Mad as Hell
I don’t know where this blog is going. I have been phased out of my adoption, so there is not much news there. I will continue to write my feelings on adoption related stuff, but where does that leave us, my dear friends?
Marginally A Mother fits a lot of places in my life, I guess. I am marginally a mother to Sugarbutt. I am marginally a mother to Monkey. I am marginalized, left out of the context of the story, an afterthought. For that, I am mad as hell. In Sugarbutt’s case, The One is also marginalized. He sees Baby Mama almost daily, yet has to find out things in Sugarbutt’s life 3rd hand. Not cool.
Baby Mama’s boyfriend may be headed for jail, which means she will be back to expecting The One to drop everything when she has a problem. One of us (two of us, really) won’t stand for that. Just the thought makes me mad as hell. I am not playing ping pong. I am not going to watch her play power games, trying to show me that she can have him running to her at the drop of a hat. I’m fairly certain The One would rather tell her to find someone else to handle her problems anyway.
I’ve a friend from way back (Nikki, for those who’ve followed along) whose mom wants to meet up with me soon. I don’t know that right now is the right time; I am working thought a lot of emotional muck. I don’t know if I can deal with the pain of the past, the stories we will inevitably talk about. My distrust for my own mother is at an all-time high, I know this meet up would only spur anger. I want to see her, though, to see what her life has become and where she is now.

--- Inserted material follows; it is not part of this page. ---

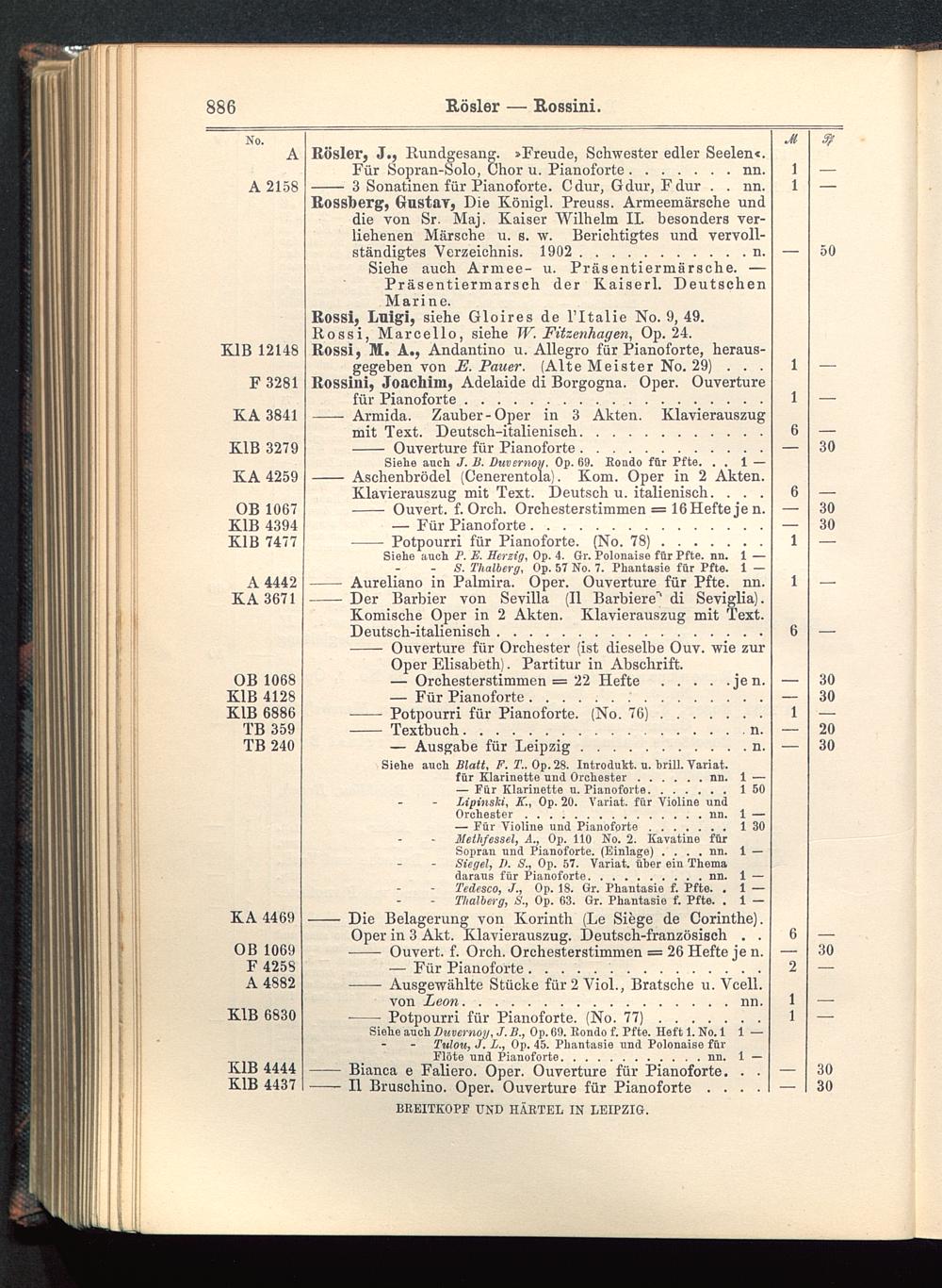 Verzeichnis des Musikalien-Verlages von Breitkopf & Härtel in Leipzig vollständig bis 1902

I hate not being able to be a part of SB’s life. Hate it. I have no say so, no control, no anything. I’m fairly certain that I will never be one of his ‘parents’, no matter what. I know, I am still new to his life. I am still ‘proving myself’, as it were. I have to make up for ‘not loving my son enough to raise him’ in order to be worthy of any status with SB, I guess. Except – NO! My ‘mothering’ of SB is being held back by damn near everyone with a say so. The One’s mom won’t let me. Parenting plan being as it is, even if The One and I do get a place of our own, I won’t get my fair chance. Mad as hell is an understatement.
Seems odd to be pushing for a ring on my finger already, but there is a certain assumption that comes with it (and without it). With that ring, it is assumed that I plan to be in SB’s life for the rest of mine; without it the assumption is that I am not sure, that this is just a practice. With that ring, he is our son too, not just hers. I don’t know that legally it changes anything, but it will, in my mind, give me the right to tell Baby Mama that I am there to stay and that she better get damn well used to me and me standing up for my son.
I am mad as hell. Right now, my hands are tied. There is nothing I can do for either of my boys except love them deeply and hope that their mother’s have some clue what treasures they have. I don’t think they do, and that has me mad as hell.